Cependant Mei est ailleurs. Ses rêves l'entrainent plus loin que ses camarades, au coeur d'une forêt, en harmonie avec la nature, vers une autre vie, libre. Dans ses songes elle voit un jeune homme au bout du chemin, ressent l'amour qui le lie à lui et profite de cet instant de paix pour ne plus penser à sa condition, à l'argent qu'elle envoie chaque mois à ses parents, à son frère qui étudie à l'université alors qu'elle endure des heures de dur labeur.«Je n'ai pas été au bout de ma douleur car je sais qu'elle est sans fin. Pourtant, je dois garder ma fierté.»
Lorsqu'elle tient tête au contremaitre Wang elle pense son temps dans l'usine fini. Pourtant elle ressent une certaine liberté face au pouvoir qui est en elle et qu'elle perçoit de plus en plus. La rebellion qui gronde au sein de l'équipe de découpe lui fait entrevoir un semblant de liberté, bien vite soumis aux contingences du travail. Ici la grève n'est pas admise, l'individu n'a de place qu'au milieu du nombre.
Aussi lorsque le contremaitre Wang est remplacé par le jeune Cheng, jeune homme qui ressemble étrangement à celui de ses rêves ,Mei est-elle prête à vivre une expérience qui la transformera irrémédiablement.
En vrac et au fil des pages ...
C'est un court roman étonnant que celui ci, à la fois frais, léger et tragique. La poésie dans laquelle Mei se réfugie trouve sa source au coeur de la nature, une forêt dans laquelle elle parvient à se ressourcer, qui alimente ses rêves et lui permet d'affronter les difficiles journées où son esprit s'évade alors que ses mains de petite ouvrière oeuvrent sur les pièces de tissus. Le lecteur ne peut qu'être ému par cette jeune femme dont il reconnait les aspirations et dont il perçoit la prison.
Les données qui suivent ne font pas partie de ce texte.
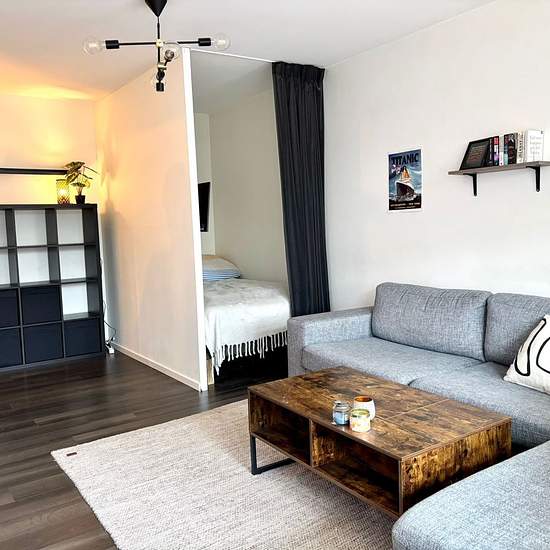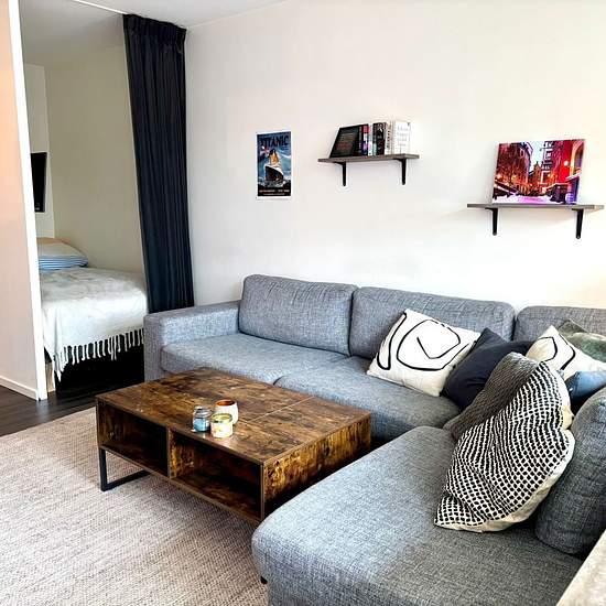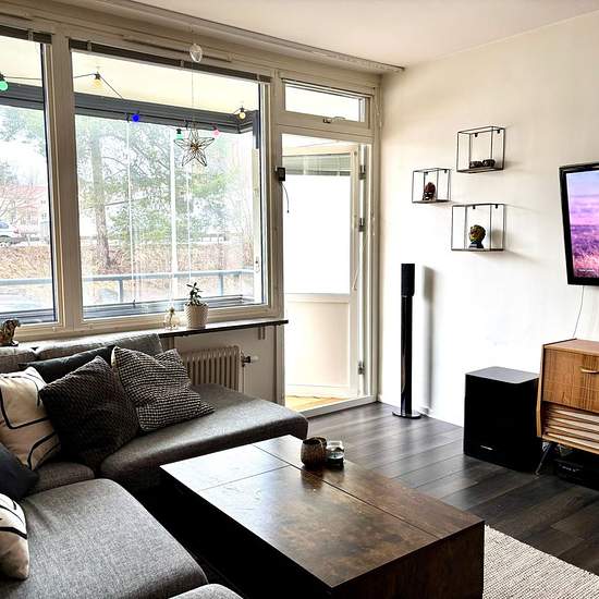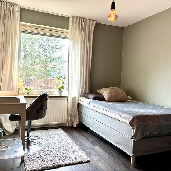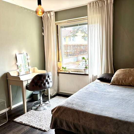 En 2,5-rummare – kök, ett stort sovrum och vardagsrum med inbyggd sovalkov. Inglasad balkong med kvällssol. Fin och fräsch lägenhet, genomgående mörka golv, lättstädat. Tv och bredband ingår i hyran. Uthyres möblerat. Köket är i princip fullt utrustat. Strykjärn, tvättmaskin, hårfön, TV, handdukar och lakan etc finns. 2 månaders deposition. Lägenheten hyrs ut så snabbt vi hittat en lämplig hyresgäst som blir godkänd av föreningen. Uthyres 1 år utan möjlighet till förlängning. 1 månads uppsägning åt båda håll. 200 meter till närmaste ...

Lorsque ses rêves se font cauchemars, Mei entrevoit les obstacles qui se dressent sur sa route. Pourtant elle croit en une vie meilleure et sa rencontre avec Cheng sera à la fois celle qui l'éveillera à la vie et signera sa destinée. Le roman se fait alors léger, initiatique, sensuel et l'on apprécie les descriptions de cet éveil des sens et de la passion amoureuse. La trahison ne semble pourtant pas loin pour qui vit essentiellement par les songes; dure réalité faite de violence et de pression, à laquelle Mei ne peut échapper. Les maigres tentatives de révolte des ouvriers sont aussitôt étouffées par un patronnat sur de son bon droit. Peut-être même les ouvriers connaissent-ils cette issue et s'amusent -ils avec le système, sans réellement penser à le changer ou le renverser. Mei s'étonne de ce manque de combativité.
A plusieurs reprises on se dit que cette vie n'est pas faite pour elle. On la voit dessiner, écrire, penser à sa grand-mère qui croyait en elle et lui avait appris à lire. Mais les conditions de travail en Chine sont terrifiantes et happent la moindre liberté. Alors que la jeune femme s'éveille à la vie dans les bras de Cheng, la réalité douloureuse lui rappelle ce qu'elle est : une ouvrière.
A la lecture de ce destin de femme on ne peut que penser aux héroines antiques à la destinée tragique, en perpétuel décalage entre une réalité sordide qui ne leur permet pas de s'épanouir et une vie rêvée, un idéal . C'est aussi les conditions de travail en Chine qui sont ici dénoncées et la soumission imposée aux travailleuses infatigables. C'est enfin le destin brisé d'une jeune femme qui en rerésente d'autres, qui aurait pu mener des études car en avait les capacités mais a été envoyée à l'usine afin de subvenir aux besoins de sa famille.
Les chapitres alternent la vie rêvée de Mei, phrases courtes, poétiques ou percutantes, empreintes de beauté ou désespérées et la réalité du travail quotidien, de la rencontre avec Cheng, de la passion dévorante.
Un récit d'une grande beauté, touchant et sincère, intense.